Eran del tipo colmena, comunes a muchas tribus africanas, de poco más de dos metros de diámetro por uno noventa aproximadamente de altura, y en lugar de descansar en el suelo, cada choza estaba suspendida por una gruesa cuerda de hierba como una maroma a una rama de uno de los varios árboles gigantescos que crecían en el interior del recinto. En el centro de la parte inferior de cada choza había otra cuerda más ligera que colgaba. Desde su posición elevada Tarzán no veía ninguna abertura en ninguna de las chozas lo bastante grande donde cupiera el cuerpo de un hombre, aunque había varias aberturas laterales de unos doce o catorce centímetros de diámetro en cada choza, a unos noventa centímetros del suelo. En el interior del recinto, en tierra, había varios habitantes de la aldea, si la pequeña colección de casas oscilantes podía ser dignificada con este nombre. La gente no resultó menos extraña para Tarzán que sus peculiares moradas. Que se trataba de negros era evidente, pero de un tipo completamente desconocido para el hombre-mono. Todos iban desnudos y sin adornos de ninguna clase aparte de algunas pinceladas de color, pintadas aparentemente al azar en su cuerpo. Eran altos y de aspecto muy musculoso, aunque sus piernas parecían demasiado cortas y sus brazos excesivamente largos para la simetría perfecta, mientras que su rostro tenía un perfil casi bestial, ya que las mandíbulas eran exageradamente protuberantes, su frente estrecha sobre las espesas cejas y el cráneo huidizo en un plano casi horizontal.

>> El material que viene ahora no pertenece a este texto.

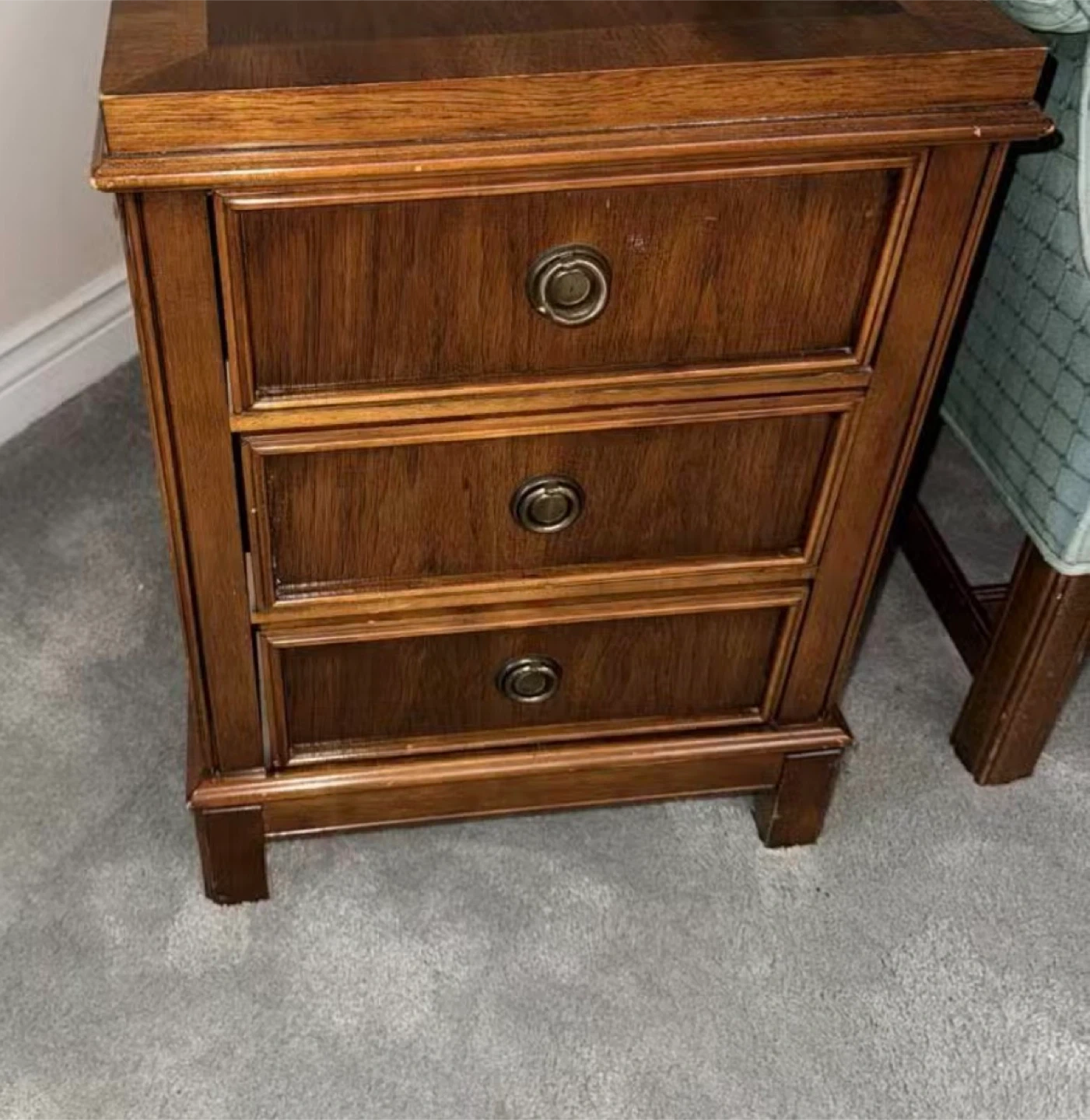 Buy & SellWood 3-Drawer NightstandWood 3-Drawer Nightstand$60Selling a lovely wood nightstand with three drawers. It's in great shape and ready to add some charm to your bedroom!WHERE TO MEETRichmond HillView MapSELLERMahshidHeaddon Gate23223 reviews1 chats·4 favorites·56 viewsSEND CHAT TO SELLERHi Mahshid! I’m interested in your listing.Hi Mahshid! I’m interested in your listing.Get the Karrot app to chatSign In to chat

Mientras Tarzán les contemplaba, vio a uno de ellos descender de una de las cuerdas que colgaban de la parte inferior de la choza, y comprendió de inmediato el propósito de las cuerdas y el lugar de entrada a las moradas. Las criaturas puestas en cuclillas se estaban alimentando. Varias tenían huesos de los que arrancaban la carne cruda con sus grandes dientes, mientras otros comían frutos y tubérculos. Había individuos de ambos sexos y de diversas edades, desde niños hasta adultos de mediana edad, pero ninguno parecía viejo. Prácticamente no tenían pelo, salvo unos escuálidos mechones castaño rojizos. Hablaban poco y en tonos que semejaban los gruñidos de las fieras, y ni una sola vez, mientras Tarzán los observaba, vio a alguno de ellos reír o incluso sonreír, lo cual, de todos sus rasgos, les hacía muy diferentes del nativo corriente de África. Aunque los ojos de Tarzán exploraron con atención el conjunto, no vio indicación alguna de utensilios de cocina o de fuego. En el suelo, en torno a ellos, se encontraban sus armas, lanzas cortas de tipo jabalina y una especie de hacha de guerra con una afilada hoja metálica. Tarzán de los Monos se alegró de haber ido por allí, pues ello le había permitido conocer a este tipo de nativos cuya existencia ni siquiera había soñado: un tipo que rozaba el de bruto. Incluso los waz-don y los ho-don de Pal-ul-don estaban mucho más avanzados en la escala de la evolución en comparación con éstos.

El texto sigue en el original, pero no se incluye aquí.